Scientific classification
- Kingdom: Plantae
- Clade: Tracheophytes
- Clade: Angiosperms
- Clade: Eudicots
- Clade: Asterids
- Order: Aquifoliales
- Family: Aquifoliaceae
- Genus: Ilex
- Species: I. montana
- Binomial name: Ilex montana Torrey & A.Gray

= Ilex montana =

- Genus: Ilex
- Species: montana
- Authority: Torrey & A.Gray
- Conservation status: LC

Species of holly

Ilex montana, the mountain winterberry (or "mountain holly" which is more typically Ilex mucronata), is a species of holly native to the Eastern United States, ranging along the Appalachian Mountains from southeast Massachusetts to northeast Alabama and northern Georgia. Synonyms include Ilex monticola.

==Description==
Ilex montana is a deciduous shrub or small tree growing to 9–12 m tall. The leaves are 3–9 cm long and 2–5 cm broad, light green, ovate or oblong, wedge-shaped or rounded at the base and acute at apex, with a serrated margin and an acuminate apex; they do not suggest the popular idea of a holly, with no spines or bristles. The leaves turn yellow before dropping in late autumn.

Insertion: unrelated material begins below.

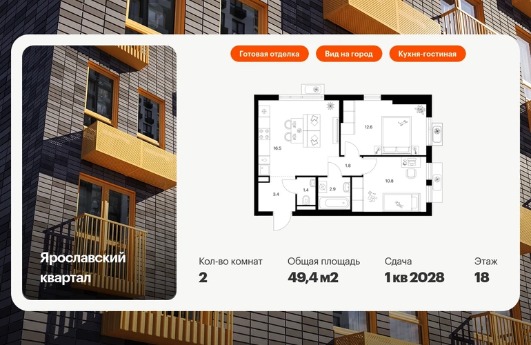 Продаётся 2-комн.квартира площадью 49.40 кв.м на 18 этаже 25 этажного дома (Корпус 2.4, секция 1) проекта ПИК Ярославский квартал. Светлый просторный подъезд на уровне земли, функциональная планировка, большие окна, с отделкой. Проект «Ярославский квартал» возводится в Мытищах, в 6 км от МКАД. Жилой квартал, состоящий из 8 корпусов, строится рядом с Ярославским шоссе и имеет удобный заезд с крупной автомагистрали. На территории проекта появится школа, детский сад и пешеходный бульвар. Индивидуальные дизайны фасадов для «Ярославского квартала» разработало петербургское архитектурное бюро RHIZOME. В их портфолио вошли работы для Московского музея современного искусства, ГЦСИ, Манифеста 10 и ЦВЗ Манеж. За 7 минут можно дойти пешком до ближайшей автобусной остановки. Столько же займёт дорога до «Лосиного острова» — облагороженного парка с разными активностями для всей семьи, благоустроенными зонами для отдыха, местами для прогулок и пробежек на свежем воздухе. Доехать на автомобиле до Ярославского шоссе получится за 3 минуты, до станции «Мытищи» — за 9 минут, до МКАД — за 15 минут. Артикул - 1013557О застройщике

The flowers are 4–5 mm diameter, with a four-lobed white corolla, appearing in late spring when the leaves are more than half grown. The fruit is a spherical bright red drupe 8–10 mm diameter, containing four seeds.

==Taxonomy==
It is treated by some botanists as a variety of the related Ilex ambigua (Sand Holly), as I. ambigua var. monticola; the two are sometimes mistaken for each other in the U.S. southeastern coastal plain. The Latin specific epithet montana refers to mountains or coming from mountains.